The Engine#

The Engine is the low-level execution component of REAX. While the Trainer provides a strict, opinionated structure, the Engine offers flexible primitives for building custom training loops while still benefiting from REAX’s distributed capabilities.

Trainer vs. Engine#

  • Trainer: High-level, “batteries included”. Manages loops, logging, checkpointing, and listeners automatically. Best for standard training workflows.

  • Engine: Low-level, explicit. You write the loops. It handles device placement, distributed communication, and optimizer wrapping. Best for research and non-standard loops.

Initialising the Engine#

engine = reax.Engine(accelerator="gpu", devices=4, strategy="ddp")

Using the Engine#

The Engine provides helper methods to setup your environment.

Setup#

setup() prepares your model and optimizers for distributed training.

model, optimizer = engine.setup(model, optimizer)

Setup DataLoaders#

setup_dataloaders() prepares your dataloaders, handling sharding and device placement.

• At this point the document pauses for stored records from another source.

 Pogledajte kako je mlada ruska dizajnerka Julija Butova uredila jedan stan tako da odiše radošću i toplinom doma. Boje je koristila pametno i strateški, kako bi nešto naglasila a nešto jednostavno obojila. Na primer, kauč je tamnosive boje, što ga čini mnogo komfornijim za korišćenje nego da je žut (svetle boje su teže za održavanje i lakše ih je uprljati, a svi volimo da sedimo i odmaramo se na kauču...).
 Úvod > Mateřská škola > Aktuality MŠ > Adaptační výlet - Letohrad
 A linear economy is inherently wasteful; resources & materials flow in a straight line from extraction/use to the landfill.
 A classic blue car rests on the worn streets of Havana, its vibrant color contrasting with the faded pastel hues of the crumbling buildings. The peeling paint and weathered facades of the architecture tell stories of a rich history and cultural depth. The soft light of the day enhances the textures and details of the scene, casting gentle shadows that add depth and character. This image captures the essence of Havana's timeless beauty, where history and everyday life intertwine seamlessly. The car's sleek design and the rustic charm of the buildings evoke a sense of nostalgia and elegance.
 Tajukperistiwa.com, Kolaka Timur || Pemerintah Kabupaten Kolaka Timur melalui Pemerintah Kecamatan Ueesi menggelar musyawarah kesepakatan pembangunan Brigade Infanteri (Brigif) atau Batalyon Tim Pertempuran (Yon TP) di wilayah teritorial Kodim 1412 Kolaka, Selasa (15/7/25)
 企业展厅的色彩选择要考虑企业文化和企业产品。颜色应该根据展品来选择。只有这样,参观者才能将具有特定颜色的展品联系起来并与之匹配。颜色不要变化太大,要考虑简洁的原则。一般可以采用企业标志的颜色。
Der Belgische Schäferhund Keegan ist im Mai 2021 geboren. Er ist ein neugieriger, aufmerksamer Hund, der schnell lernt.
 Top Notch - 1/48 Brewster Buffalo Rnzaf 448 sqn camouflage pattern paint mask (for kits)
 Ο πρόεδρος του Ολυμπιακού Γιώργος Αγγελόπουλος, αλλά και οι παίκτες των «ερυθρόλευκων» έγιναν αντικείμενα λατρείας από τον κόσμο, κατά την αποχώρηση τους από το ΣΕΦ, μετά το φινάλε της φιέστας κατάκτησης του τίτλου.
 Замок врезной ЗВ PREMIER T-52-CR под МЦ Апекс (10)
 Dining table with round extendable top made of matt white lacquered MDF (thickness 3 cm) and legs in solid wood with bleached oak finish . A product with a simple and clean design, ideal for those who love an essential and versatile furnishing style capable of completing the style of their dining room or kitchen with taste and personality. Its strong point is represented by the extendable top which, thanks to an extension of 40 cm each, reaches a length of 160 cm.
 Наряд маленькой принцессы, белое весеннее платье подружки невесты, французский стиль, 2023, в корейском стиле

train_loader = engine.setup_dataloaders(train_loader)

Distributed Primitives#

The Engine exposes methods for cross-device communication:

  • all_reduce(): Average or sum a tensor across all devices.

  • broadcast(): Send a tensor from one device to all others.

  • barrier(): Synchronize all processes.

Example Custom Loop#

engine = reax.Engine()
model, optimizer = engine.setup(model, optimizer)
dataloader = engine.setup_dataloaders(dataloader)

for batch in dataloader:
    # Your custom update logic
    loss = update_step(model, batch)

    # Logging
    if engine.is_global_zero:
         log(loss)